Secrets Vault - Zero-Exposure Credential Management for AI Agents

AgentPlaybooks introduces an encrypted secrets vault with a unique proxy pattern that lets AI agents use API keys and credentials without ever seeing the plaintext values.

Secrets Vault: Zero-Exposure Credential Management

We're excited to introduce Secrets Vault for AgentPlaybooks—a secure way for AI agents to call external APIs with real credentials, without those credentials ever appearing in prompts, logs, or agent-visible tool output. It is built for teams who want automation without trading away key hygiene.

🔑 The Problem: Credentials in the Agent Loop

Agents need API keys and tokens to reach LLM APIs, payment systems, webhooks, and more. Whenever a secret lands in the model's context, the risk rises: logs, transcripts, context dumps, or memory can expose it. You want agents to act with real credentials—not to see them.

🛡️ Our Solution: The Zero-Exposure Proxy Pattern

Secrets Vault solves this with a proxy pattern built around the use_secret tool.

The agent never reads the secret. It asks the server to use a named secret—for example: "Use my OPENAI_API_KEY to call this URL." The server decrypts inside the trusted boundary, injects the header (e.g. Authorization: Bearer …), and returns only the HTTP response. Plaintext never reaches the model.

⚙️ How It Works (Technical)

Defense in depth: AES-256-GCM with per-encrypt random IVs; HKDF-derived per-user keys so ciphertext is isolated by identity; no plaintext at rest. The use_secret path is agent → decrypt server-side → inject header → HTTP out → response only back. SSRF rules block private/internal targets.

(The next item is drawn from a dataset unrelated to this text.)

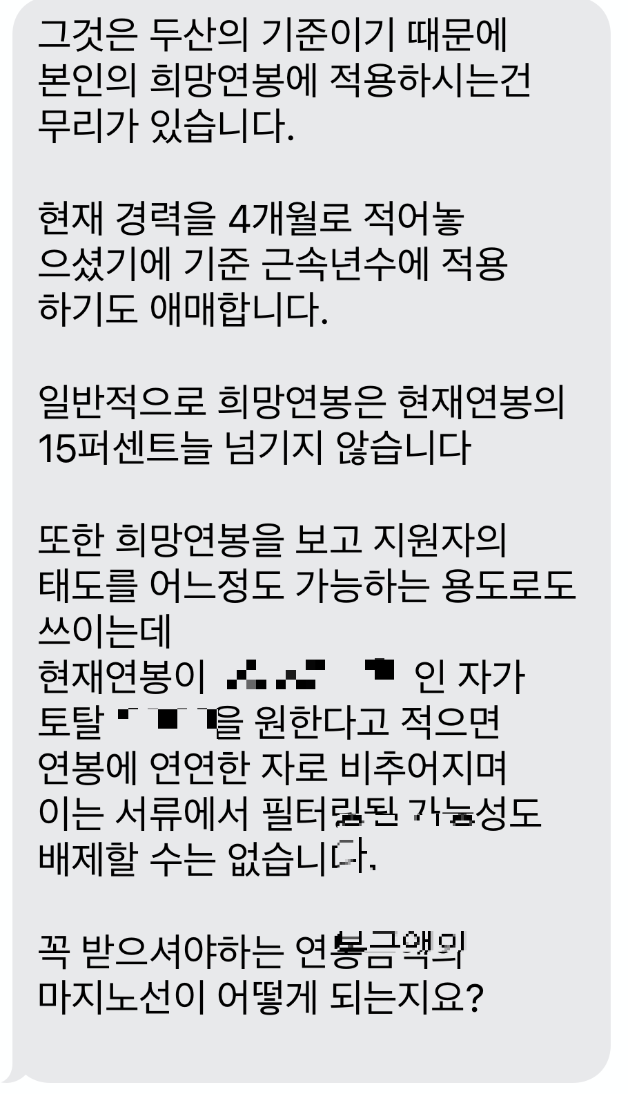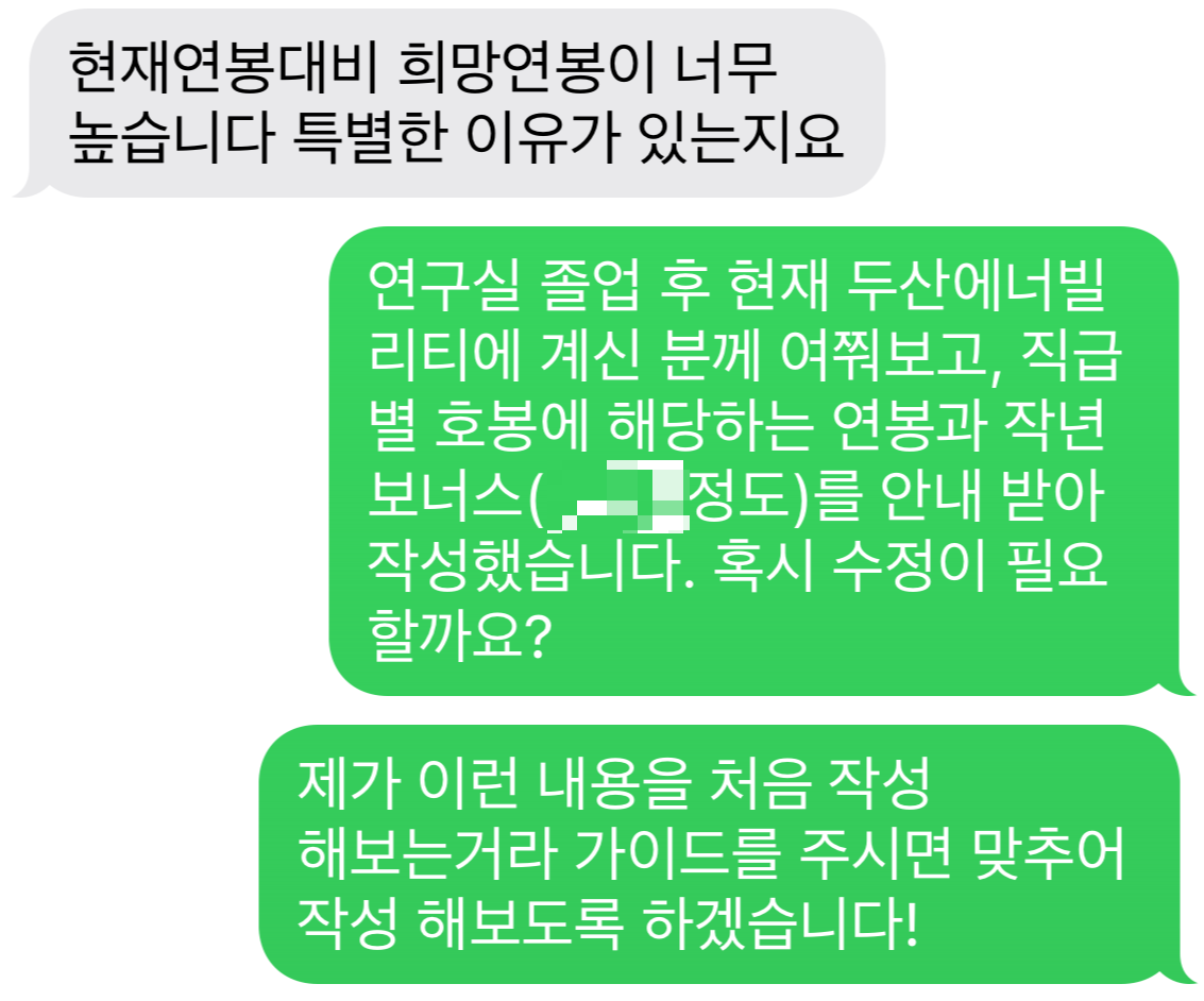 구구절절 말씀해주신 부분은 이성적으로는 다 이해가 됐다. 내 경력(대학원 생활을 포함하지 않은)이 너무 낮고, 연구실은 성과급같은 것이 없는데, 희망연봉란에는 내가 지원하는 부서에 계셨던 두산 선배에게 물어본 현실적인 연봉 및 성과급을 작성했더니 더더욱 큰 차이가 나게 된 것이다.

Row Level Security (RLS) restricts rows so playbook owners only see their own secrets—enforced in the database, not only in app code.

Available MCP Tools

| Tool | What It Does | |------|----------------| | list_secrets | Lists secret names and metadata only—never values. | | use_secret | Performs an HTTP request with a secret injected server-side; returns the remote response. | | store_secret | Encrypts and stores a new secret. | | rotate_secret | Replaces an existing secret with a new value. | | delete_secret | Permanently removes a secret. |

Scoped permissions (secrets:read / secrets:write) keep integrations least-privilege.

Example: Calling an API with use_secret

Example MCP tools/call payload (shape varies by client):

{
  "name": "use_secret",
  "arguments": {
    "secret_name": "OPENAI_API_KEY",
    "url": "https://api.openai.com/v1/models",
    "method": "GET",
    "header_name": "Authorization",
    "header_prefix": "Bearer "
  }
}

The model sees the upstream JSON or error—never the token. Same pattern for any header-auth HTTPS API you have stored by name.

Dashboard Management

In the dashboard, Secrets supports create, metadata-only viewing, rotate, and delete, with categories and expiration tracking—without showing raw values after you save.

Getting Started

  • Add named secrets in the dashboard (OPENAI_API_KEY, STRIPE_SECRET_KEY, etc.).
  • Point your MCP client at the playbook endpoint and confirm the secrets tools appear.
  • Use use_secret for outbound authenticated calls—never surface secret values in chat.


Open a Playbook, store secrets once, and let agents integrate with external APIs—without the keys ever entering the model.